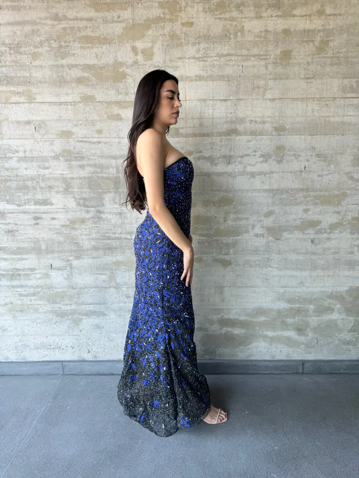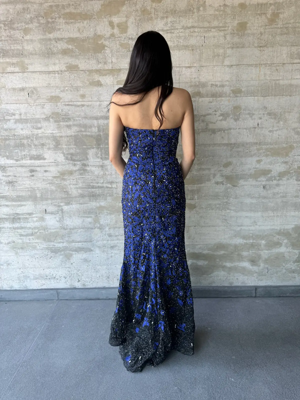 Vestido negro strapless bordado con hilos métalicos, cristales y piedras.
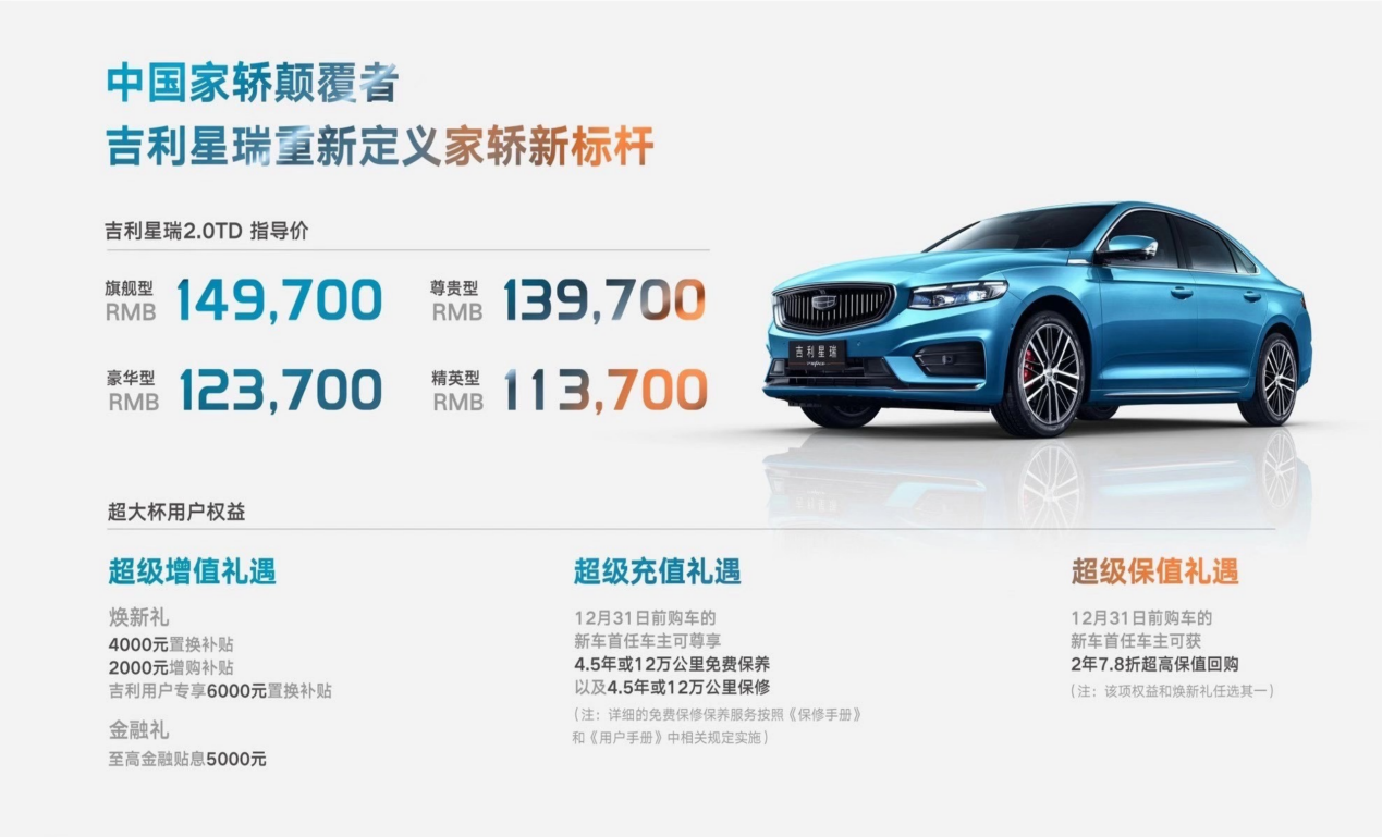 吉利CMA超级母体首款宽体A级轿车——是吉利星瑞的一款新品, 新车全系标配2.0TD+7DCT黄金动力系统,共推出4款车型,官方指导价为11.37万元—14.97万元。 该车此前进行了“不试,不比,不卖”的颠覆者行动,以“四大颠覆实力”刷新了用户对家轿的传统认知。
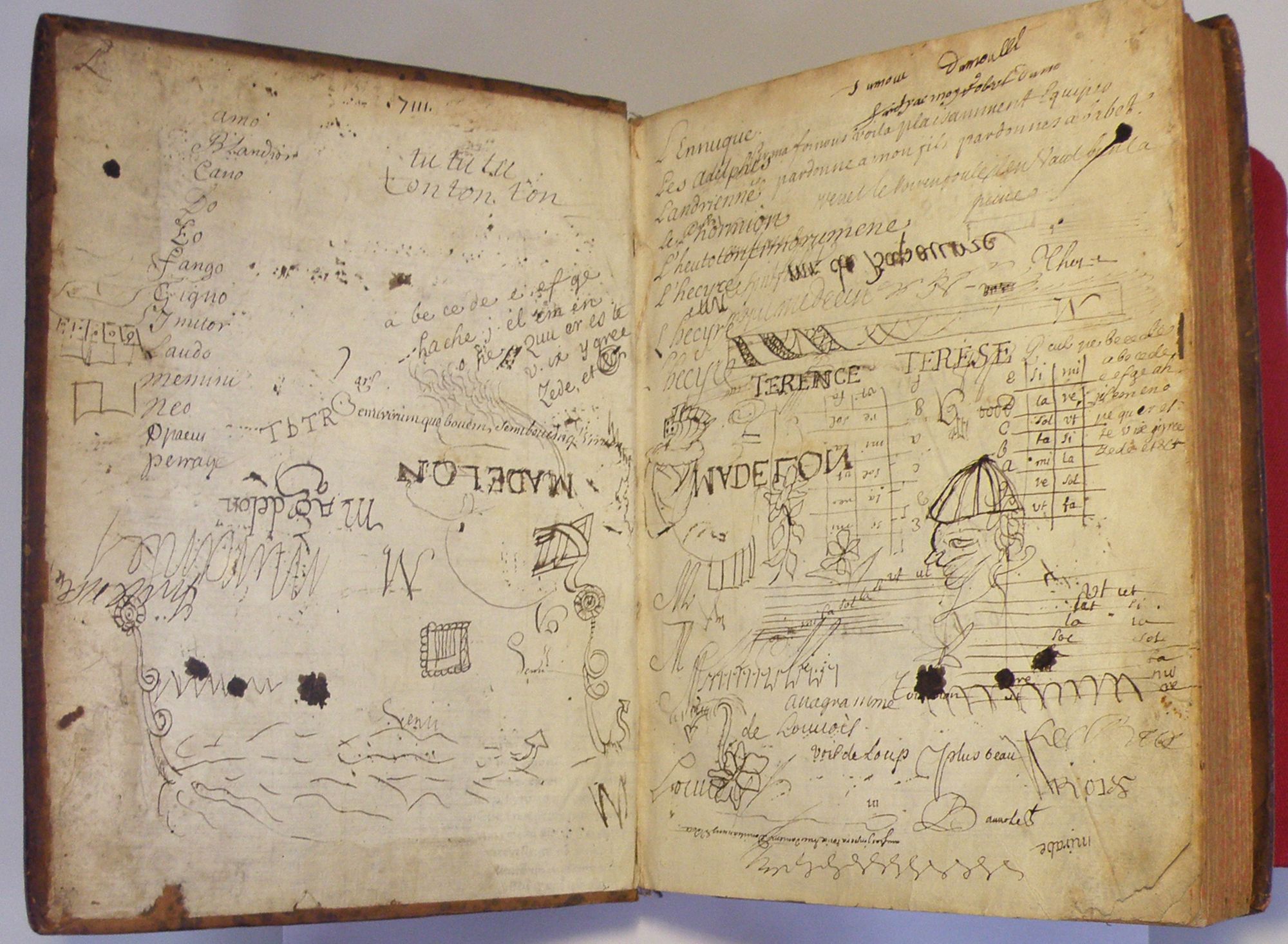 La familiarité des jeunes lecteurs avec l'objet-livre se manifeste dès les premières pages des volumes. Elles accueillent les plumes dissipées, mais forment également un espace de sociabilité juvénile et d'affirmation personnelle. Sur cet exemplaire des Institutions de Théophilus Antecessor, des élèves ont couvert les pages de garde de dessins, signatures, jeux de mots ou messages codés qui reflètent une culture profondément nourrie par les références classiques.
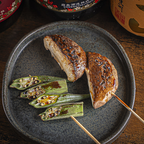 定番串からおくらやしいたけなどの野菜串まで種類豊富!彩り豊かでバランス良く楽しめる串焼きが勢ぞろい!
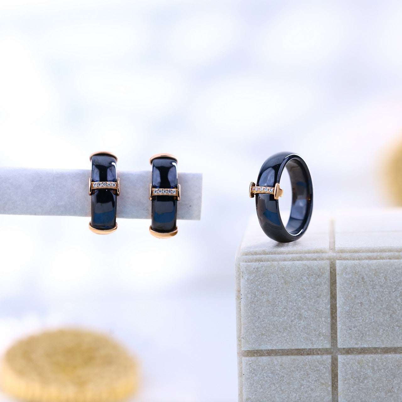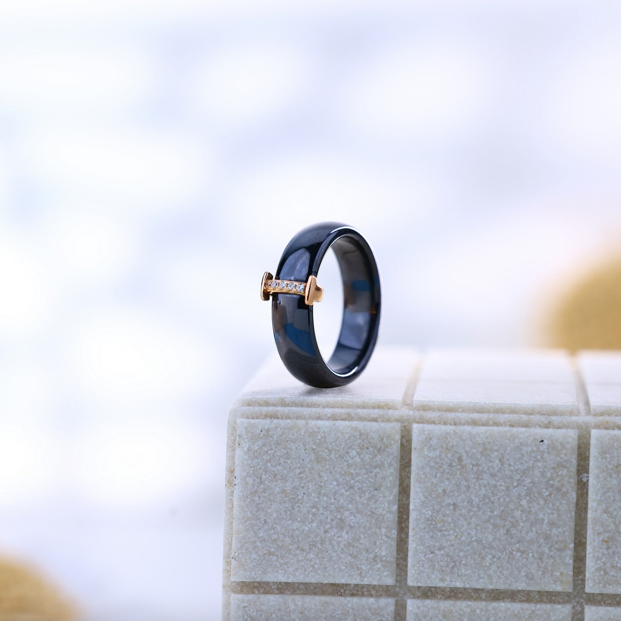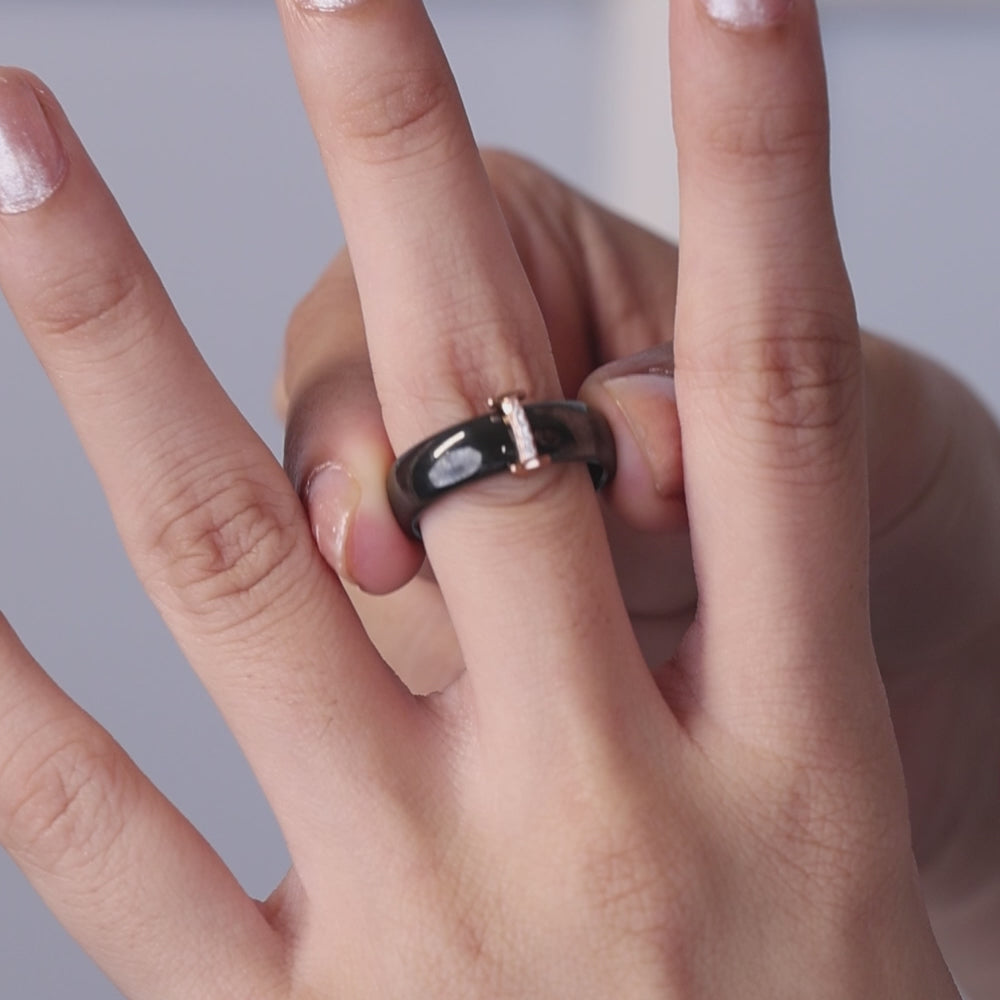 "A harmony of strength and sparkle -- this black ceramic design with a refined stone line adds subtle brilliance to your everyday elegance"
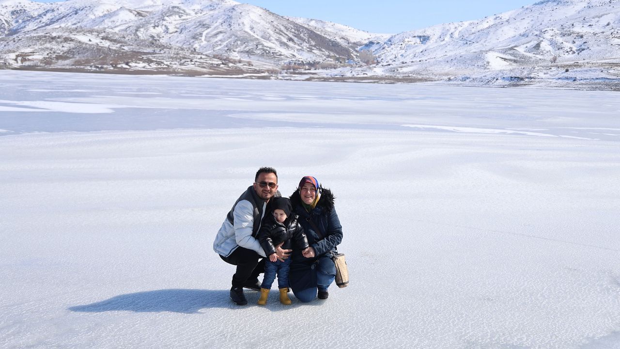 Çeşitli illerden kış tatili için Sivas’a geldiklerini belirtenler buz tutan gölün yüzeyinde yürüme fırsatı bularak tarifsiz bir deneyim yaşadıklarını dile getirdiler.
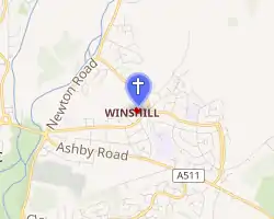 St Mark's church was opened in 1869. It consists of nave and aisles, chancel and south-west tower with broach-spire in the Gothic revival style. The church was designed by Edward Holmes and paid for by the brewer John Gretton of Bladon House (d. 1867). It served a district chapelry, established within Holy Trinity ecclesiastical parish in 1867 and covering the whole of Winshill.[1] Because it was still in Derbyshire, Winshill was originally part of the Archdeaconry of Derby which transferred in 1884 from the Diocese of Lichfield to the newly created diocese of the Diocese of Southwell when that diocese was created in 1884. On 7 July 1927 the archdeaconries of Derby and Chesterfield became the Diocese of Derby.[2][3]

########################################

• **What this task involves**
Everything above should be given again exactly, apart from the pictures.

• **Solution for this exercise**
 Vestido negro strapless bordado con hilos métalicos, cristales y piedras.
 吉利CMA超级母体首款宽体A级轿车——是吉利星瑞的一款新品, 新车全系标配2.0TD+7DCT黄金动力系统,共推出4款车型,官方指导价为11.37万元—14.97万元。 该车此前进行了“不试,不比,不卖”的颠覆者行动,以“四大颠覆实力”刷新了用户对家轿的传统认知。
 La familiarité des jeunes lecteurs avec l'objet-livre se manifeste dès les premières pages des volumes. Elles accueillent les plumes dissipées, mais forment également un espace de sociabilité juvénile et d'affirmation personnelle. Sur cet exemplaire des Institutions de Théophilus Antecessor, des élèves ont couvert les pages de garde de dessins, signatures, jeux de mots ou messages codés qui reflètent une culture profondément nourrie par les références classiques.
 定番串からおくらやしいたけなどの野菜串まで種類豊富!彩り豊かでバランス良く楽しめる串焼きが勢ぞろい!
 "A harmony of strength and sparkle -- this black ceramic design with a refined stone line adds subtle brilliance to your everyday elegance"
 Çeşitli illerden kış tatili için Sivas’a geldiklerini belirtenler buz tutan gölün yüzeyinde yürüme fırsatı bularak tarifsiz bir deneyim yaşadıklarını dile getirdiler.
 St Mark's church was opened in 1869. It consists of nave and aisles, chancel and south-west tower with broach-spire in the Gothic revival style. The church was designed by Edward Holmes and paid for by the brewer John Gretton of Bladon House (d. 1867). It served a district chapelry, established within Holy Trinity ecclesiastical parish in 1867 and covering the whole of Winshill.[1] Because it was still in Derbyshire, Winshill was originally part of the Archdeaconry of Derby which transferred in 1884 from the Diocese of Lichfield to the newly created diocese of the Diocese of Southwell when that diocese was created in 1884. On 7 July 1927 the archdeaconries of Derby and Chesterfield became the Diocese of Derby.[2][3]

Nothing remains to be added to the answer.